Some might say, why do you care so much or why even care? Well I’ll say is that I try to make a difference. I am tired of all the bullshit and non-caring attitudes towards alot of things on the internet. I know I can’t change the world but I’ll be damned if I can’t make a difference in one yahoo group but apparently I can’t and I’ll be damned. It really sucks cause I just feel I’m being pulled into a downward spiral again of sadness and depression and I don’t need this right now.

I have alot planned for the new year and I want to make it happen. I want to quit drinking by another 50% this year. I quit drinking 66% in the past six months and want to cut it down further. I want to graduate from university this year and get a job and move out of this city. I want to start my life, I want to start a respectable life and I want to make it happen. I’m tired of bullshitting around and being blah. I need to straighten my life out as an adult not as a kid.
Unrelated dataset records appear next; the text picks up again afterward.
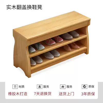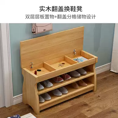 All solid wood shoe stool storage stool home door flip shoe cabinet type three-layer large size can sit on Chinese shoes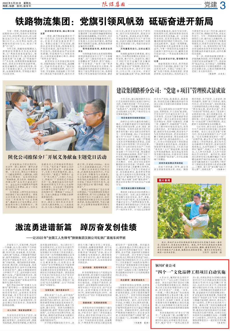 4月24日,銅川礦業(yè)公司召開銅煤“四個一”文化品牌工程項(xiàng)目啟動會。該項(xiàng)目是銅川礦業(yè)公司與銅川先聲傳媒商務(wù)有限公司、陜西鳳鳴云端文化傳媒有限責(zé)任公司合作,著力打造以“一首歌、一本書、一座城、一條紅色血脈”為主要內(nèi)容的銅煤特色文化品牌工程,旨在通過深入挖掘企業(yè)歷史文化,傳承紅色基因,弘揚(yáng)礦工精神,打造具有陜煤特色和銅煤特點(diǎn)的文化品牌,以文化和精神的力量奮力在新征程上譜寫加快企業(yè)高質(zhì)量發(fā)展的新篇章。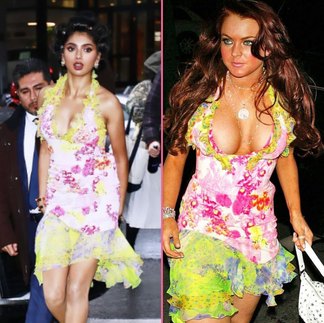 🎀 Avantika, actriz del reboot, uso un diseño de SS04 Versace, el mismo que uso Lindsay Lohan en su cumpleaños número 18.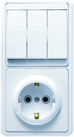 Блок БКВР-033 Бэлла (3-кл. выкл. + розетка с заземл.) бел. Кунцево 5843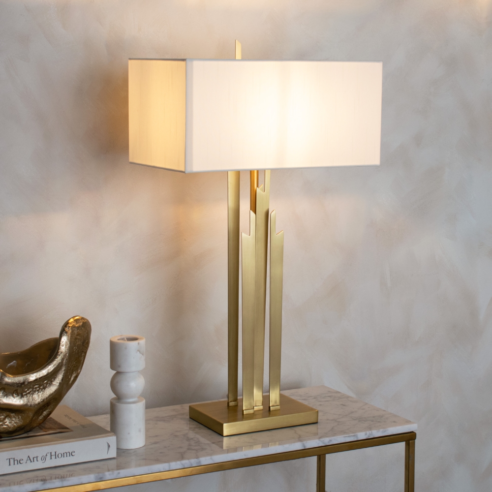 The Carrick Pale Gold Table Lamp was inspired by the skyscrapers of New York and London, and this lamp features metal structures that extend upward from a metal base. Finished with a rectangular shade, it presents a striking silhouette that enhances any interior setting. The Carrick Pale Gold Table Lamp can elevate a space when styled in pairs on either side of a bed or placed individually in a hallway.
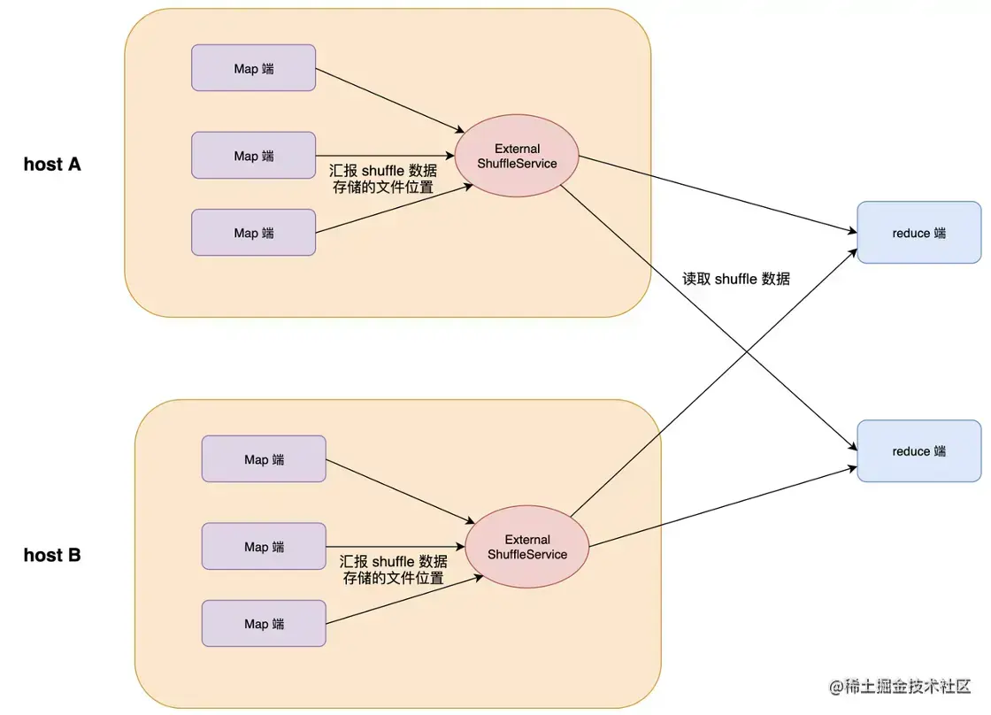 为了解决Executor为了服务数据的fetch请求导致无法退出问题,我们在每个节点上部署一个External Shuffle Service,这样产生数据的Executor在不需要继续处理任务时,可以随意退出。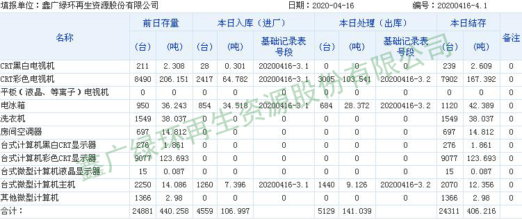 2020.04.16回收拆解統(tǒng)計(jì)表

Anyway, enlight of the past few days being less then great, I have decided to go to Atlanta and hang out with my TG friends on New Year’s Eve. A friend of mine is having a party at her house that night and I plan to do that. I just want out of the city again for a few days. I don’t go back to school till January 8th and I won’t have a job January 1st so I have some time to kill for awhile. I don’t think I’ll be out on the town at all so I’m sorry if anyone wants to meet me in Atlanta, I won’t be able to since I don’t think I’ll be clubbing at all. If I don’t write again, everyone have a Happy New Year and I hope this coming year treats you and me both with alot of luck and prosperity. God knows I need it.

[Edited]
I appologize for the profane language, I normally do not speak like that but I am just angry and I do not want to go back and change all the words. Accept my apologees again for the language. I’ll probably feel better tomorrow.